Senior DevOps Engineer · CFI
Leading DevSecOps across the SDLC for a regional fintech.
- Lead DevSecOps across the SDLC — threat-modeling services and embedding SAST (SonarQube), SCA, and container image scanning into CI/CD, reducing high/critical vulnerabilities reaching production by 90% and auto-blocking insecure builds.
- Centralized secrets and credentials across all applications with HashiCorp Vault, eliminating hard-coded secrets and enabling short-lived, dynamic credentials.
- Secured internet-facing workloads with Cloudflare (WAF, DDoS protection, DNS, and zero-trust access).
- Operate business-critical, highly available Kubernetes clusters on self-managed AWS EC2, sustaining 99.95% uptime with zero-downtime upgrades.

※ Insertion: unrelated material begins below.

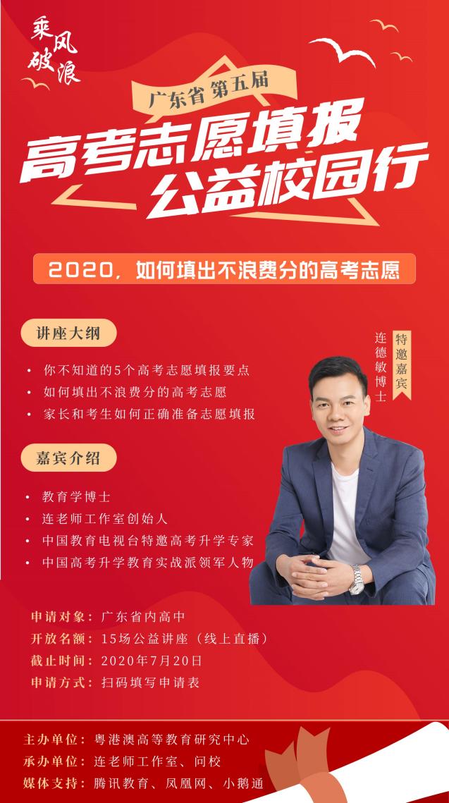 見(jiàn)圳客戶端·深圳新聞網(wǎng)2020年7月9日訊 (記者 陳彬)高考是每一位高三學(xué)子夢(mèng)想的起點(diǎn),但高考不只是一場(chǎng)考試,還有考試之后的志愿填報(bào);如何科學(xué)、專業(yè)的填報(bào)志愿,直接關(guān)系著考生能否獲得心儀大學(xué)和專業(yè)的錄取。7月6日,以《2020,如何填出不浪費(fèi)分的高考志愿》為主題的廣東省第五屆高考志愿填報(bào)公益校園行正式啟動(dòng),該活動(dòng)由粵港澳高等教育研究中心主辦,連老師工作室承辦,將面向廣東省內(nèi)高中,以學(xué)校或班級(jí)為單位,舉辦15場(chǎng)志愿填報(bào)公益講座,講座全程特邀連德敏博士擔(dān)任主講嘉賓。

- Provision cloud and on-prem infrastructure as code with Terraform for repeatable, version-controlled deployments.
- Build and maintain GitHub Actions CI/CD pipelines with automated testing, security gates, and deployment across all services.
- Design, provision, and operate OpenSearch clusters on AWS alongside Prometheus and Grafana for proactive monitoring, alerting, and security visibility.
- Implement New Relic APM to surface latency, errors, and bottlenecks across services.
- Administer and secure on-prem MySQL, PostgreSQL, and MongoDB, plus highly available RabbitMQ and Kafka on Kubernetes, with backup, replication, and HA strategies.